Thursday, May 30, 2002

I read an interesting article in today's Chicago Tribune. The article mentions the controversy that started when Ken Caminiti admitted in a Sports Illustrated article that he used steroids during his MVP season. The Tribune article basically debates whether or not Major League Baseball should do random screenings for steroids. As of right now the NFL and NBA screen it's players for steroids, and the IOC tests Olympic athletes. It's part of Major League Baseball's collective bargaining agreement not to test players for steroids.. The players' union is against it. Both Ken Caminiti and Jose Canseco said that steroid use is very common in baseball. Some of the players in the article mention that it would be good to screen for steroids. Undoubtedly these must be players who don't use steroids. The one player in the article who says that Major League Baseball shouldn't want to test for steroids is Mark Grace, who says that more steroid use leads to more home runs, which is exciting for fans and good for baseball. Fewer home runs would be detrimental to Major League Baseball.

So there it is. Should Major League Baseball start testing for steroids? My opinion is yes, they should, and let me tell you why. First, I would rather see fewer home runs hit and know that the athletes who hit them didn't use performance enhancing substances than to see a bunch of home runs and know that at least some of those people are juiced up. It's not an amazing feat if the people couldn't do it on their own. Second, it would level the playing field. It's not really fair to the players who don't want to risk their health that other players who are willing to take that risk become better and faster, and better players. It's not fair that someone who is trying to be a healthy athlete is perceived as inferior to an athlete who is full of steroids, especially if we as fans don't know who those enhanced athletes are. Third, and I could have heard this on the Jim Rome Show a couple of years ago but I totally agreed with it, that if there are too many home runs they won't be exciting anymore. So if what Mark Grace says is true and the people who watch baseball watch specifically for home runs, if home runs become common place Major League Baseball will need somehting else to keep those fans.

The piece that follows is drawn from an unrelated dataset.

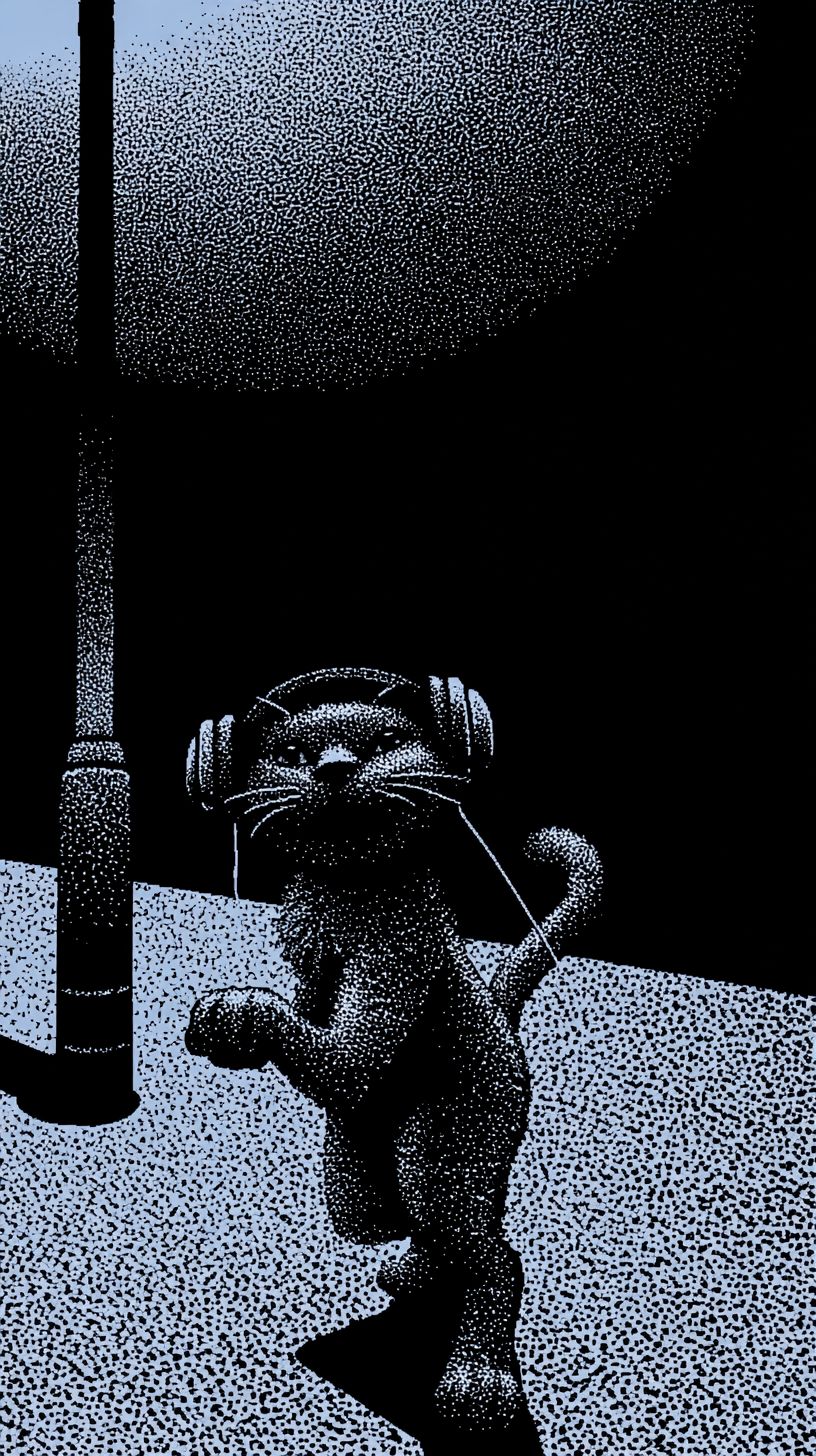 Un chat anthropomorphique à poils courts portant des écouteurs, avec un pelage brillant et texturé. Marchant sous un lampadaire. Rendu dans un style illustratif de livre d'histoires dimensionnel présentant des surfaces textiles douces, des formes géométriques simplifiées et un minimalisme expressif. Vue panoramique. Ton noir bleuâtre.

And that's another thing, and this may offend some non-true baseball watchers who read this. I believe that true baseball fans do not watch baseball specifically to see home runs, and that those people who only think baseball is exciting when a home run is hit isn't a true baseball fan and their input shouldn't matter. There are so many other exciting things about baseball. The diving catch in the outfield. A non-routine double play. A stolen base. A wild pitch that allows a runner to score. When the bases are loaded and there are 2 outs and it's the bottom of the ninth with the score tied, and the count is 3 and 2. The odd funny error. The race to first base: Who will get there sooner -- the runner or the ball? These are all things that make baseball exciting. Those who only watch for home runs don't know the game, don't appreciate the game. So I think it would be a shame if Major League Baseball doesn't start testing for steroids just because they might lose some of the pseudo-fans who think the only thing exciting about baseball is the home runs. I'm not saying that home runs aren't exciting, they are. But they aren't the only exciting aspect of the sport. Of course Major Leage Baseball doesn't want to lose those "fans", they would lose money. I understand that. I'm not stupid. I don't know when this collective bargaining agreement is up. It will be interesting to see what happens re: the steroid issue when negotiations become hot and heavy.